See, he's a HEALTHY tipsy chicken!


----------



## pacanis (May 6, 2008)

Beautiful bird.
I live to eat crisp chicken skin. It's my favorite part!
When I was a kid it would often be all that I had on my plate, plus the wings.


----------



## suziquzie (May 6, 2008)

It's my anniversary today. 
I was gonna make him some ribs, but lookin' at this bird again is making me think twice!


----------



## GotGarlic (May 6, 2008)

Happy Anniversary, Suzi! Hey, if there's room on the grill, make both, aka mixed grill  There's lots you can do with leftover grilled chicken.


----------



## suziquzie (May 6, 2008)

Good idea! He can have ribs, I can have chicken skin, and I have cooked chicken for another day!


----------



## Barb L. (May 6, 2008)

Happy Anniversary Suzi !!  Thats one nice looking bird - !  Yum


----------



## Katie H (May 6, 2008)

"Happy Anniversary, Suzi!"  Wishes for many, many more.

Don't you just looooove beer can chicken?  When our children were at home they lovingly called it beer butt chicken, but you know how children get with potty talk.
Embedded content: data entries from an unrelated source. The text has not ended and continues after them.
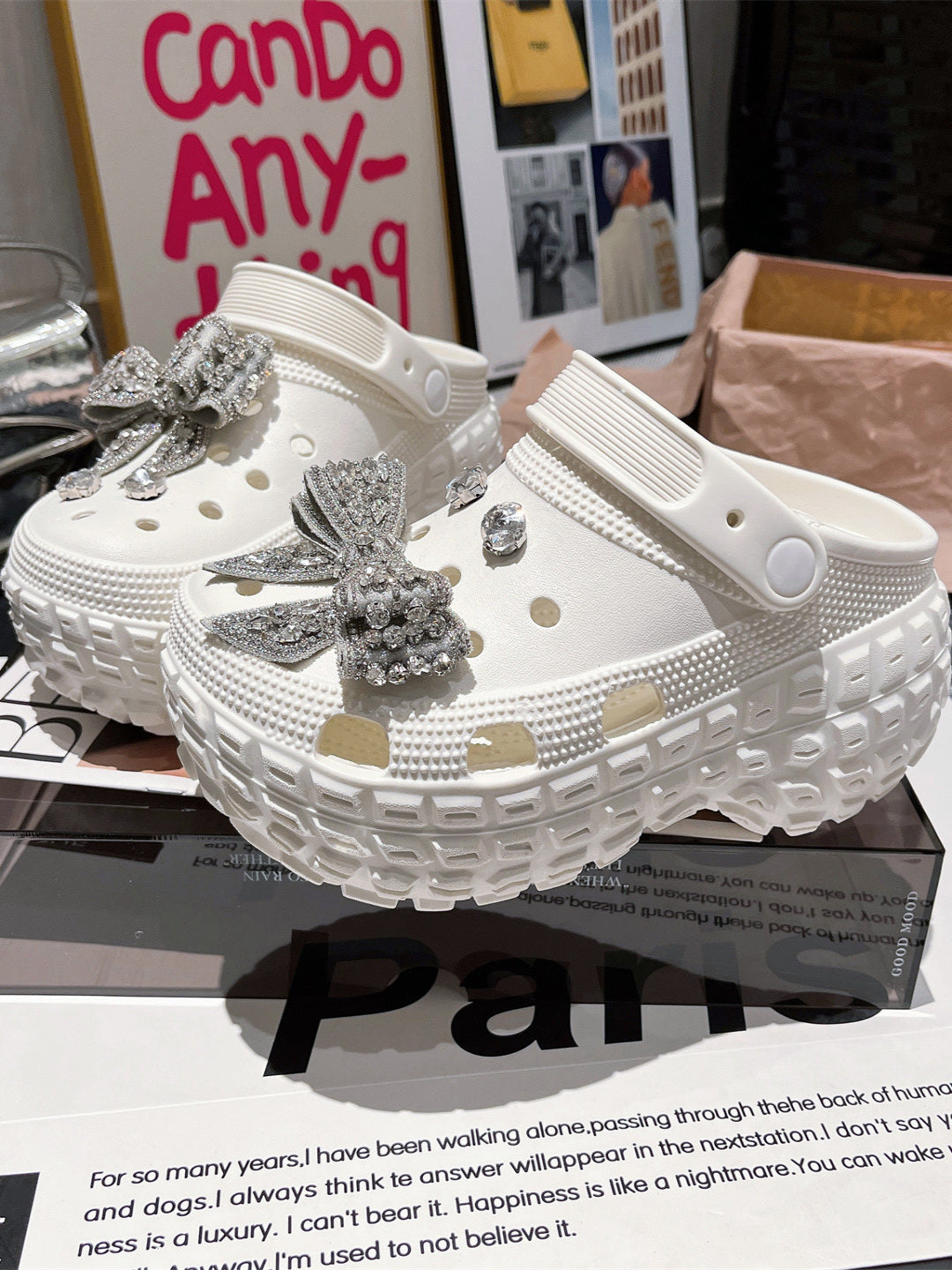 hese are platform clog-style shoes, likely a collaboration similar to Crocs, featuring a chunky, ridged platform sole and a back strap. The shoes are predominantly white and are heavily embellished with sparkly, oversized bow appliqués on the vamps. There are also smaller, scattered gemstone or stud details across the upper. The overall aesthetic is a blend of casual comfort and high-fashion embellishment, creating a statement footwear piece.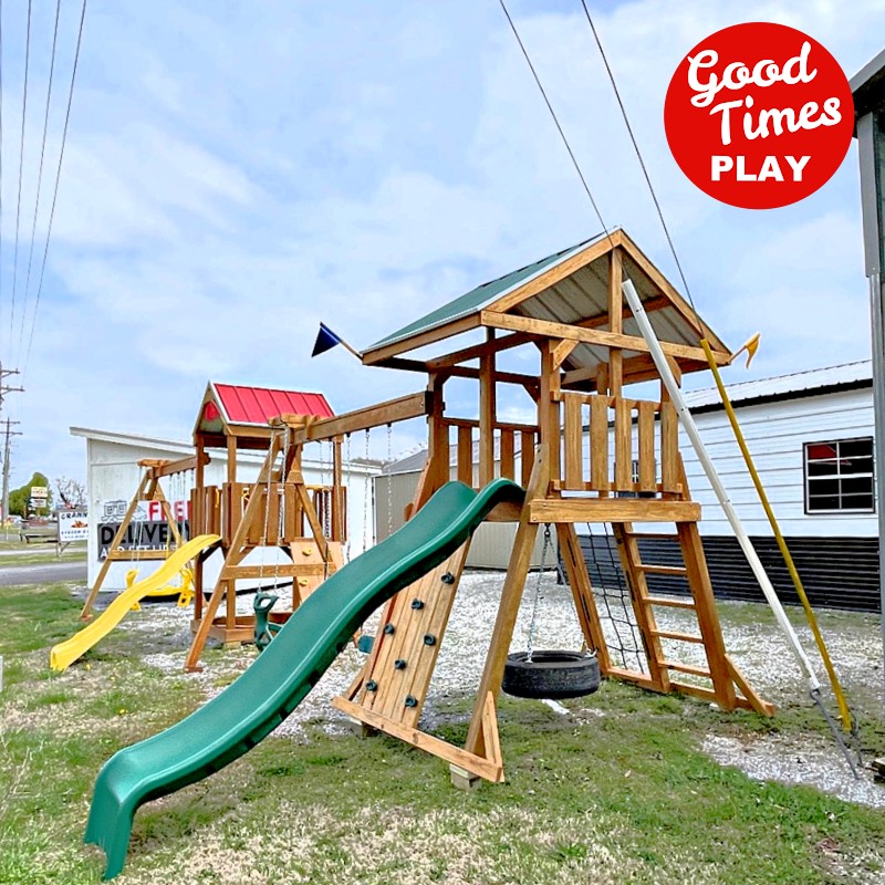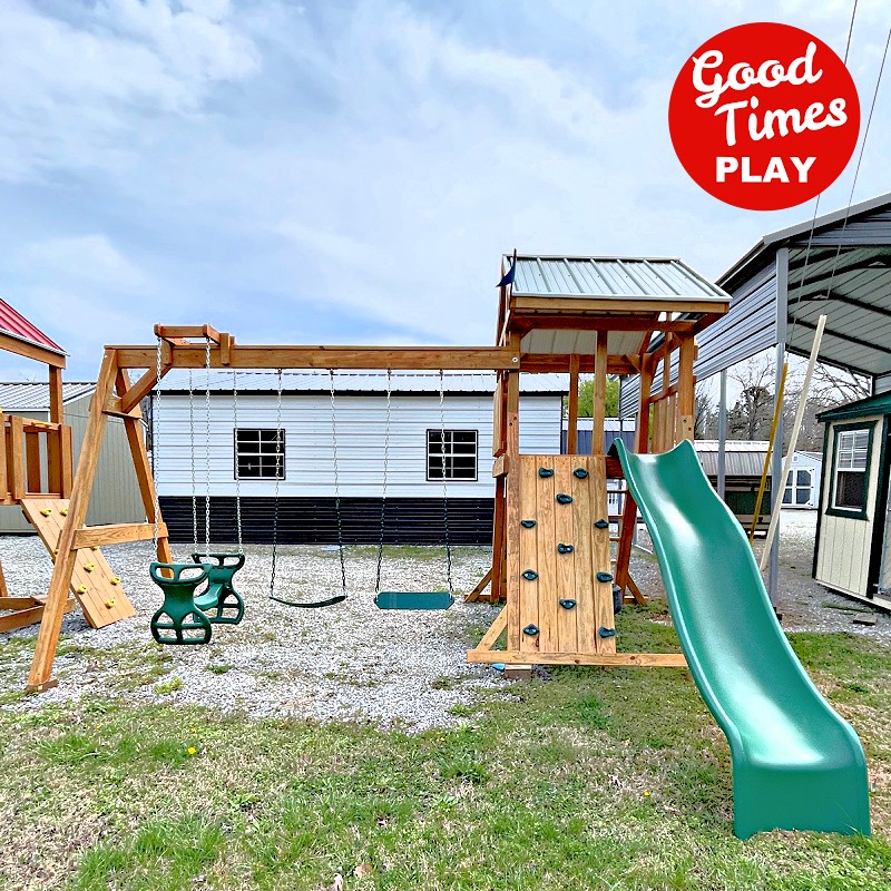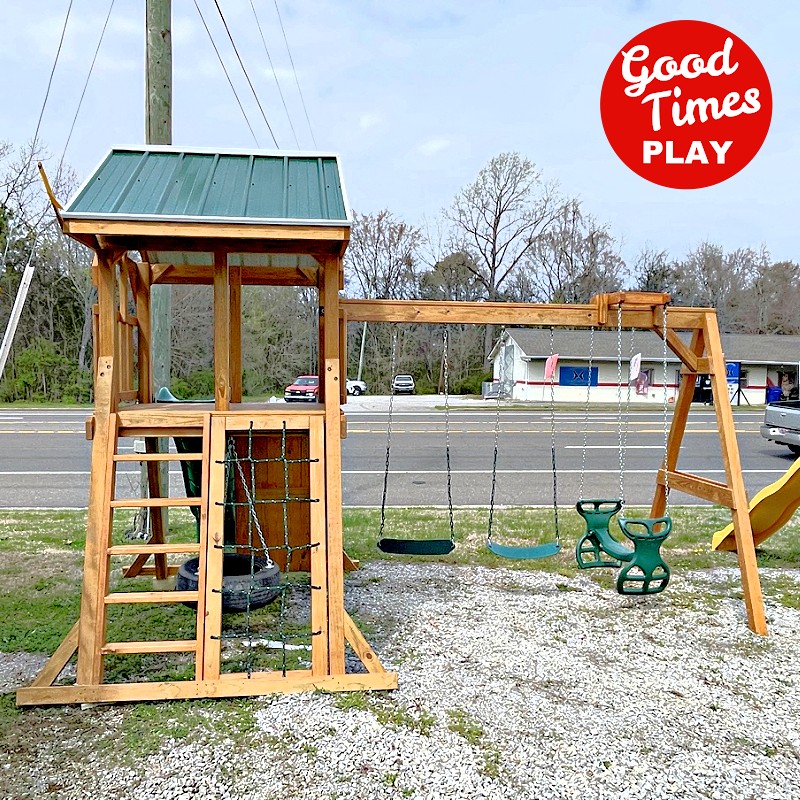 beams / accessories: 3 position swing beam with (2) belt swings & ez ryder (2-kid swing)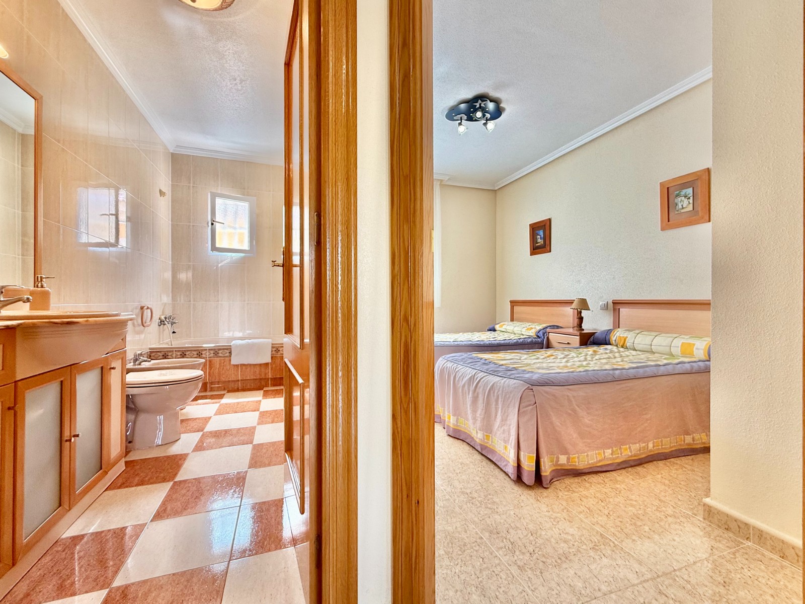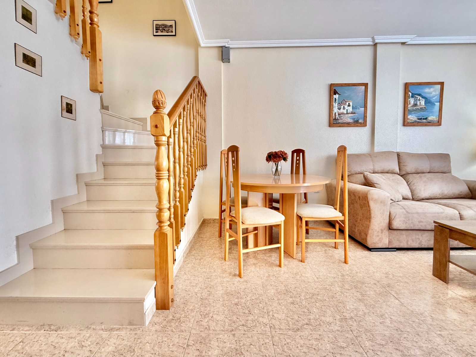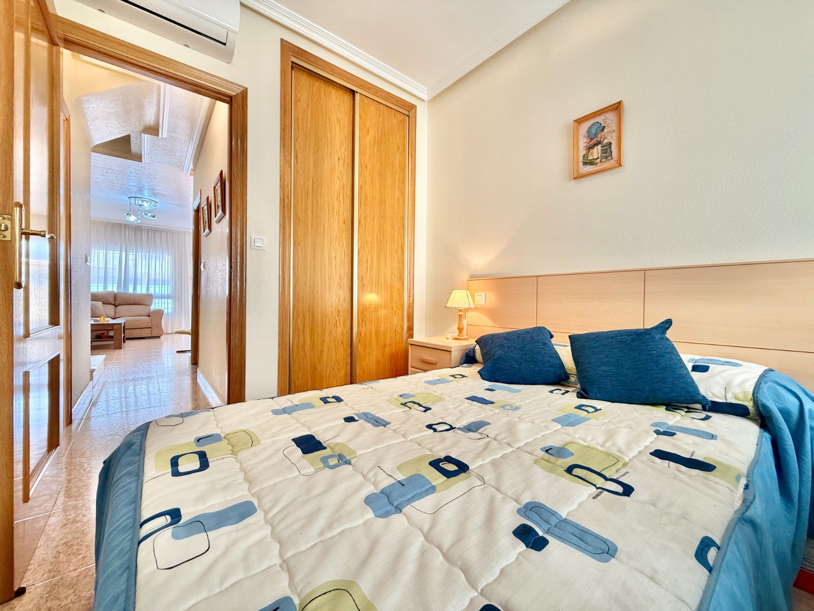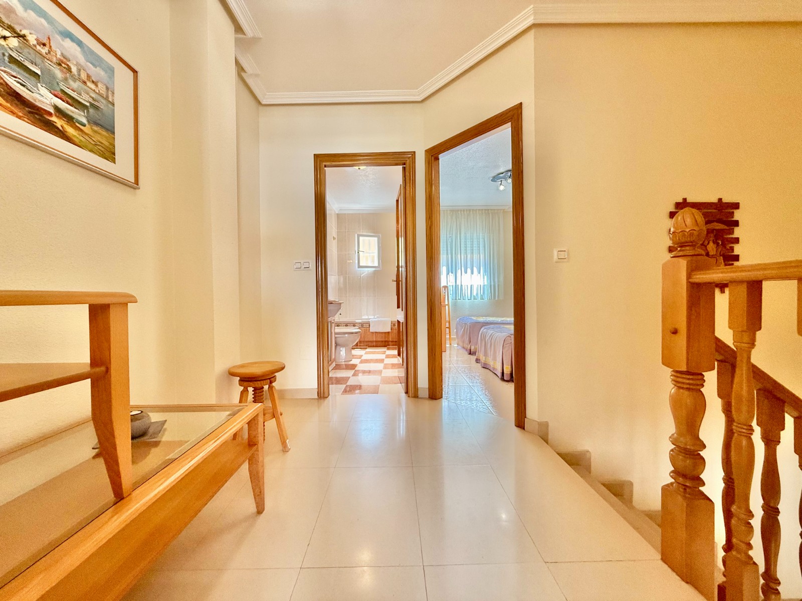 En la planta superior, un elegante recibidor distribuye dos dormitorios, ambos con armarios empotrados y acceso a terraza, y un baño completo.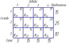 Алгоритм решения транспортной задачи повторяет основные шаги симплекс-метода. Однако для представления данных, вместо обычных симплекс-таблиц, используются транспортные таблицы со специальной структурой. Алгоритм решения транспортной задачи будет проиллюстрирован на следующем примере. Транспортная компания занимается перевозкой грузов от трех пунктов отправления к четырем пунктам назначения. На рис. 2.4 показаны возможности отгрузки (предложения) пунктов отправления (сладов) (в тоннах) и потребности (спрос) пунктов назначения (заводы) (также в тоннах), а также стоимость перевозки продукции одной машиной от складов к заводам. Стоимость перевозок сij приведена в сотнях гривен. В данной задаче требуется определить структуру перевозок между складами и заводами с минимальной стоимостью. Для этого необходимо найти объемы перевозок хij между i -м складом и j -м заводом.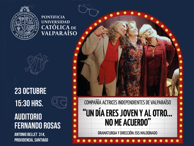 El lunes 23 de octubre, a las 15.30 horas en el Auditorio Fernando Rosas de CEA-PUCV Santiago, se exhibirá la obra de teatro "Un día eres viejo y al otro...no me acuerdo", comedia protagonizada por Flor Marina Acevedo, Ximena Vidal y Alejandra Perales, quienes forman parte de la Compañía de Actrices Independientes de Valparaíso.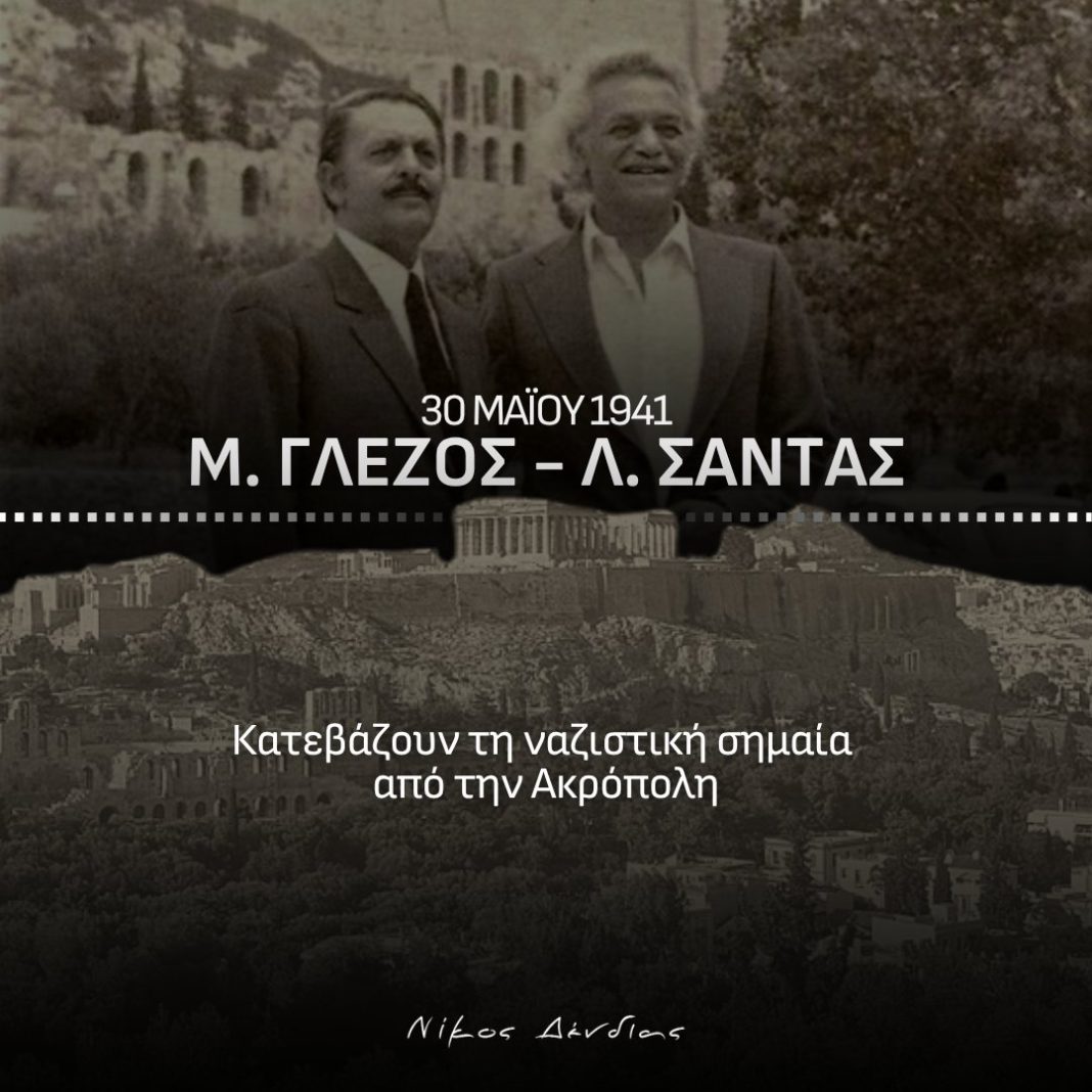 Σαν σήμερα, στις 30 Μάϊου 1941 δύο νέα παιδιά, οι Μανώλης Γλέζος και Λάκης Σάντας μη μπορώντας να αντικρύζουν το σύμβολο του ναζισμού να κυματίζει στον ιερό βράχο της Ακροπόλεως αποφάσισαν να κάνουν μια επιχείρηση στην ουσία αυτοκτονίας, να το γκρεμίσουν στα βράχια και να υψώσουν την γαλανόλευκη.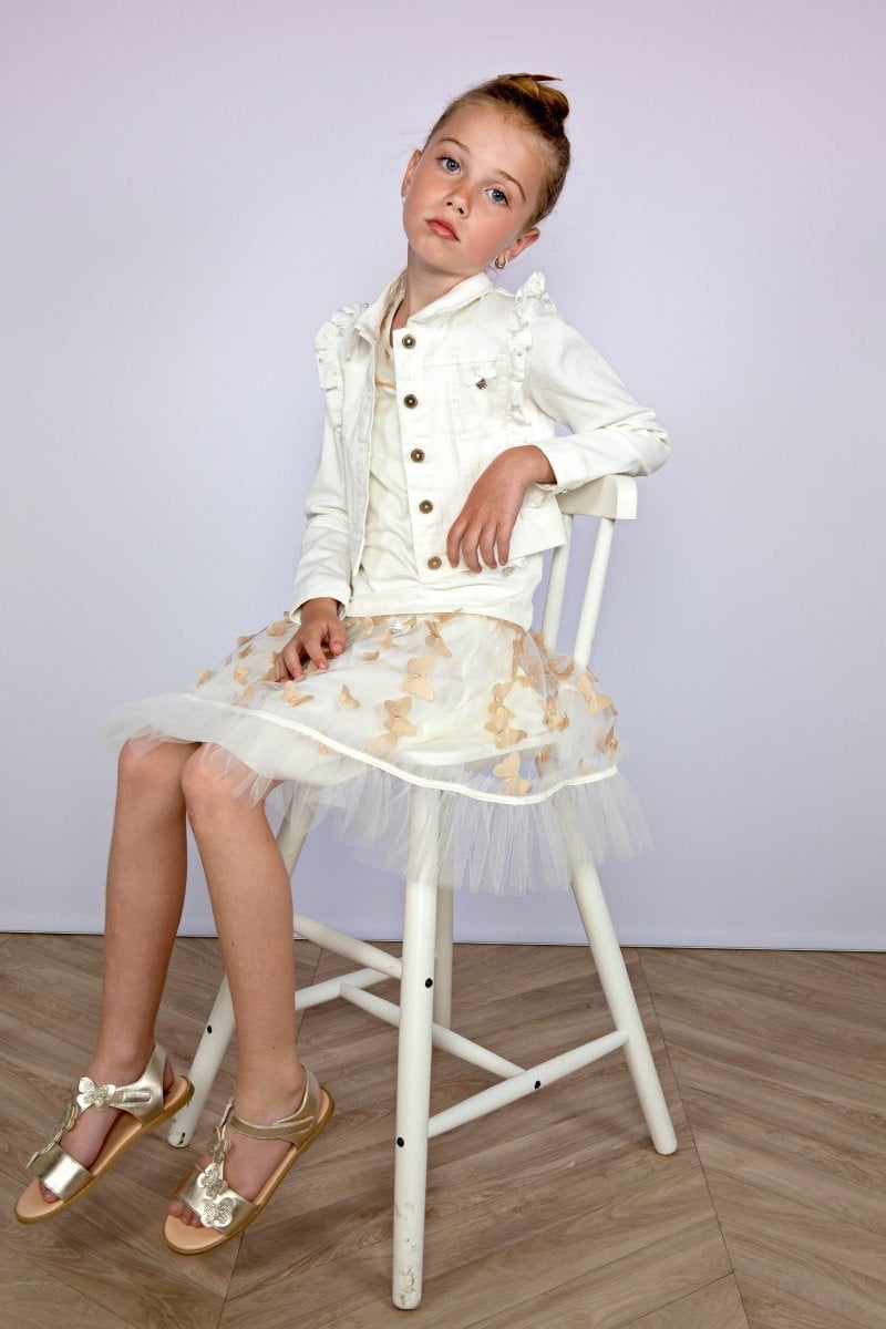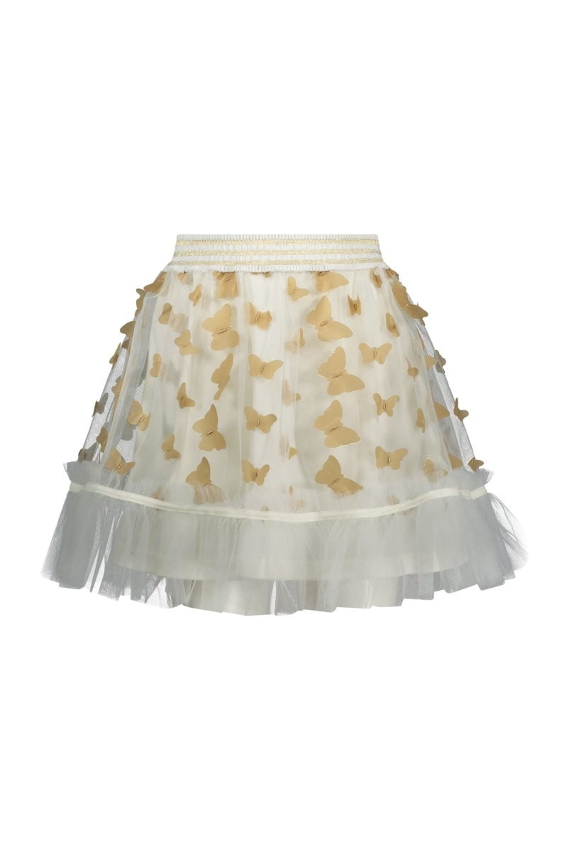 De luxe stof met vlinder applicaties maakt dit rokje extra bijzonder.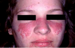 攻击皮肤则导致面部“红斑”及皮疹、脱发、光过敏;

It's one of the best ways we've ever found to cook a whole chicken.  Just can't screw it up either.  And the crisp, tasty skin.  Yum, double yum.


----------



## Maverick2272 (May 6, 2008)

Happy Anniversary!


----------



## welise86 (May 6, 2008)

that chicken is drunk and hittin a gangta lean...LOL but it sure looks good!


----------



## Adillo303 (May 6, 2008)

Happy anniversary Suzi - Great bird. I have to research beer can chicken. I have not run across it before.

AC


----------



## pacanis (May 6, 2008)

Adillo303 said:


> Happy anniversary Suzi - Great bird. I have to research beer can chicken. I have not run across it before.
> 
> AC


 
You will be glad when you do!
Good stuff


----------



## suziquzie (May 7, 2008)

Here Adillo this is the one I use. 
Made it again last night. No leftovers tho, all I could find was a dinky 3 1/2 lb bird yesterday. 
The recipe for the rub makes enough for a few chickens and stores easily. 

Beer Can Chicken Recipe at Epicurious.com

You can also make it in the oven... 350 for an hour and a half or so. Still just as yummy!

Oh and thank you for all the nice anniversary wishes everyone!


----------



## Adillo303 (May 7, 2008)

Good morining Suzi and thank you. I was going to ask about the oven. My BBQ is charcoal fired and not big, so I was thinking that it might not have the endurance, the smoker sounds interesting, if I start early, I suppose what, about 3 or four hours in the smoker?

I hear you about liking nice crispy skin. Around here it's getting hard to fing chicken breast with the skin on. After reading the threead on economizing, I am seriously thinking of buying only whole birds, cutting them myself and save all the off parts for chicken soup, they are the best soup flavor anyway. There are only tow of us, and, "The Boys" of course, and we often throw a breast and a couple theighs in the oven for a fairly quick dinner.Couple days of that and I's have what to make soup.


----------